As I close 2017, and almost move into my 25th year of existence there are a number of things I would like to openly reflect on, and I hope that my lessons and enlightenment is useful to anyone who stumbles upon this letter to myself.
God qualifies the called.
Biggest 2017 takeaway. For a long time I knew what my passion was, but I never really had a clear idea of what exactly I wanted to pursue within my passion or what type of legacy I wanted to build for myself within my field. 
Long story short, throughout my college years I flipped back and forth between journalism, vocal performance, and public relations — granted these are all lanes I could pursue within music —however I could not figure out which one I really would enjoy for a lifetime. I ran an art submission/review blog for about a year which I really enjoyed partaking in, however I got bored with music blogging. I started a vlog/lifestyle brand with a few of my friends, it actually did really well, was featured on Bossip, but the brand was extremely disorganized, and I personally had issues with members, but anyway… mid 2017, after 3 years, the brand dismantled. I was a media personality on an amazing podcast for 2 years called, “The Podcast About Nothing,” however over time we all lost interest in recording episodes, and that too came to an end mid-2017. 

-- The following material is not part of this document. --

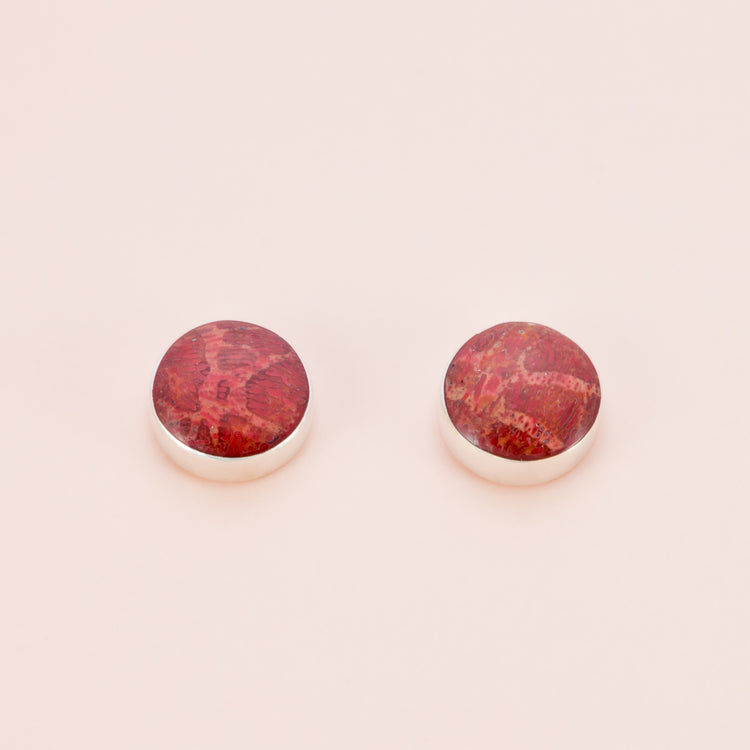 Crafted with exquisite attention to detail, these silver studs are more than just earrings. They're a simple statement piece that effortlessly elevates any ensemble. The red coral is delicately set in sterling silver and creates a captivating contrast that catches the eye and sparks conversation.

At the close of 2016 I was named Editor-in-chief of Dinner Land Network (New York) — a production agency/independent creative arts platform heavily influenced by music and pop-culture. (Sidenote: It’s funny now thinking about it, it’s starting to seem like the transitions into new years are my best times.) With this position came a plethora of opportunities, including speaking on my first panel, which was extremely trying… but that’s another topic… (lol) During my first year with this network I’ve been able to highlight countless underground musicians that never receive their well-deserved recognition. The joy I feel as a result of providing these artists with a look is joy that I cannot put into words. In 2017 I found my calling in talent scouting, music curation, artist relations, and digital strategy. 
Even as I’m writing this I still struggle with the realization that this is my calling, being that it finally hit me today. For years I’ve been blind to my own influence and talents, lacked confidence within myself, was too humble and not proud enough, and constantly compared myself to my peers who were seemingly far more successful than I. Earlier today a good friend of mine brought me to uncontrollable tears after expressing his belief in me, in my skill, in my calling. It was as if his words were the missing piece of my soul, the piece that I’ve needed for years to fully understand, believe in my value, to understand the way in which people value me. 
“You have a gift. Ain’t no coincidence that your words, your ear, and your eye can move people. Don’t ignore that. Just continue to grow comfortable in what you’re doing. You’ve been ready.
For my senior thesis to get out of school, for a reference to a professional who I wanted to model my career after, I used you an as example.
Your story is no different from a Karen Civil, or a Lauryn Hill or a Whitney Houston. A talented woman from Jersey who is gonna change the game forever. All things grow in the Garden.”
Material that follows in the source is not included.